In an interview with Boston public radio station WGBH, Sen. Elizabeth Warren (D-MA) stopped short of a full endorsement when asked whether Harris should remain Biden’s 2024 running mate. “I really want to defer to what makes Biden comfortable on his team,” Warren said moments after asserting, “Yes, he should run again.”
Crediting Biden’s legislative accomplishments, the senator added, “He showed he’s willing to wade into the fights.”
Warren said she liked Harris and had known the vice president since her time as California attorney general. “But they need, they have to be a team,” Warren added, “and my sense is they are.”
Warren issued a statement after the interview clarifying her remarks, saying, “I fully support the president’s and vice president’s reelection together, and never intended to imply otherwise.”
It’s not only Warren who appears skeptical of Harris’s ability to ascend as the Democratic Party’s standard-bearer.
Days after the senator’s radio interview, Democratic leaders in key states raised doubts about Harris’s future in a report by the Washington Post’s Cleve Wootson, citing the vice president’s “underwhelming” tenure “marked by struggles.”
While a low vice presidential profile is not atypical, the difficulties surfaced early in her tenure with a fraught, high-profile assignment to slow migration from some Central American countries to the U.S.-Mexico border.
A glib response to a question from NBC’s Lester Holt about Harris’s intent to visit the southern border led to a media storm while on her first international trip to Guatemala and Mexico.
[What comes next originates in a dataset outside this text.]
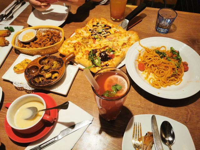牛排,鸡翅,超级至尊比萨(芝心普通装),意面,澳洲西冷牛排,超值多多分享拼盘,酥皮奶油蛤蜊汤,英伦下午茶套餐,抹茶雪域蛋糕,小吃拼盘,冲绳黑糖爆浆蛋糕,北美特色枫香烤翅,鱼籽炸虾球,炙烤澳洲牛肉比萨(大方薄底),照烧鸡肉炒饭,烤鸭披萨,下午茶悠享餐,普装铁盘超级至尊,新奥尔良口味披萨,美式冰淇淋烤布朗

It also slowed the media’s access to a trickle.
Other moments have drawn so much attention that they appear to overwhelm the vice president’s work.
Harris chairs the National Space Council, but a scripted segment in which the vice president appeared alongside a group of paid child actors in a space-themed YouTube Originals pilot drew scrutiny for its contrived nature.
Further, her portfolio lacks the legislative wins that have become synonymous with Biden’s White House. Whereas Biden has touted bipartisan legislative successes on infrastructure, semiconductor manufacturing, and green investments, Harris has been unable to claim a “win” at the border or on abortion and voting rights.
Harris took a lead role in the Biden administration’s efforts to highlight abortion rights after the Supreme Court ruled to overturn Roe v. Wade, a message that yielded a strong turnout for the party in the midterm elections. But Democrats have few avenues for restoring a national right to abortion after the Supreme Court’s Dobbs v. Jackson Women’s Health Organization decision eliminated federal protections and Republicans gained control of the House.
Harris’s voting rights push could not overcome the filibuster in the Senate last year, even as the vice president called for reform of the rule.
A slightly larger Democratic Senate majority could boost Harris in the run-up to the 2024 elections. Untethered from the need to cast tiebreaking votes in the Senate, Harris has an opportunity to court voters and supporters across the country and to box out her potential future rivals.
Chatter about Harris’s ability to clear the field isn’t new. During the Democratic nominating contest for 2020, Harris’s presidential campaign ran aground before reaching her home state of California.
And Democrats have taken steps to raise their national profiles as speculation over the makeup of a future Democratic field has gathered steam.
After handily winning reelection, Newsom last month traveled to the U.S.-Mexico border days after Biden defended his decision not to visit the area.
As Biden struggled with low approval ratings and a stalled legislative agenda last year, Newsom swiped at Republican leaders in spats with Govs. Ron DeSantis (FL) and Greg Abbott (TX).
Newsom’s attention-grabbing exploits have drawn speculation about his ambitions, with polling placing the governor among his party’s top contenders to lead a future presidential ticket.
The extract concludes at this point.